▶ [PROVIDED MATERIAL]

==============================

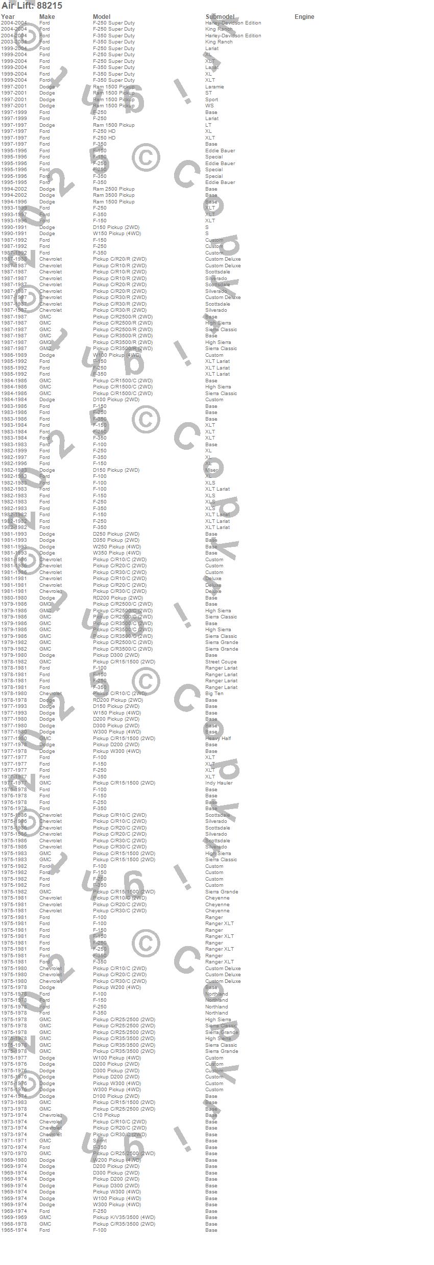 Below is an abreviated list of applications for the LoadLifter 5000 Ultimate Air Spring Kit.
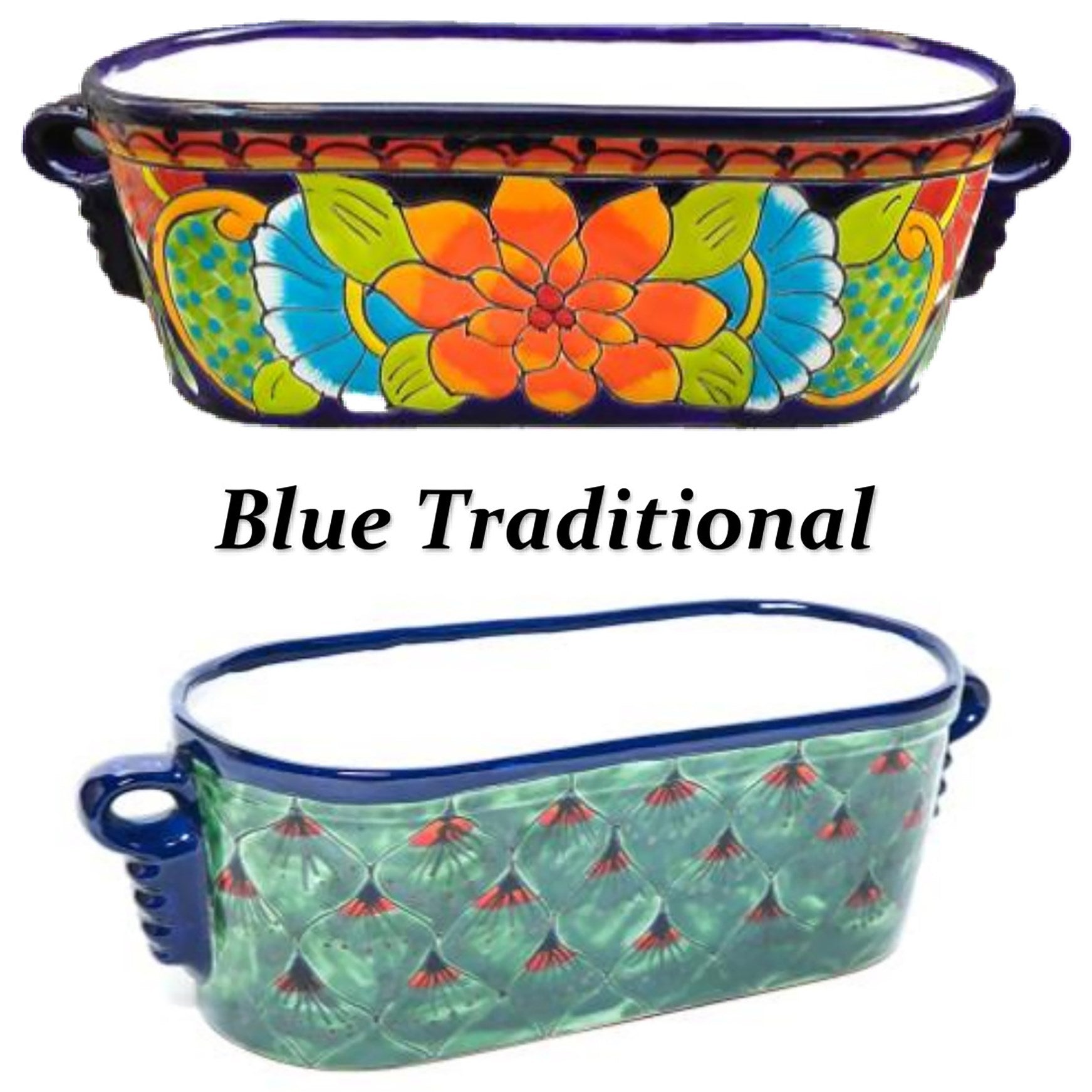 Talavera Colors Window Boxes are made of a special clay that is glazed and fired twice for durability. Authentically made in Mexico. 100% hand painted. Lead free. Will not fade. These pots are ideal for indoor and outdoor display.
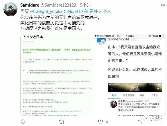 面对中国网友的鄙视,山本宽竟然还敢BB自己对战争的态度。借助着机翻,唠唠叨叨。

==============================

▶ [DESCRIPTION OF THE TASK] Each line of the data needs to be output exactly, with any image excluded.

▶ [TASK ANSWER]
 Below is an abreviated list of applications for the LoadLifter 5000 Ultimate Air Spring Kit.
 Talavera Colors Window Boxes are made of a special clay that is glazed and fired twice for durability. Authentically made in Mexico. 100% hand painted. Lead free. Will not fade. These pots are ideal for indoor and outdoor display.
 面对中国网友的鄙视,山本宽竟然还敢BB自己对战争的态度。借助着机翻,唠唠叨叨。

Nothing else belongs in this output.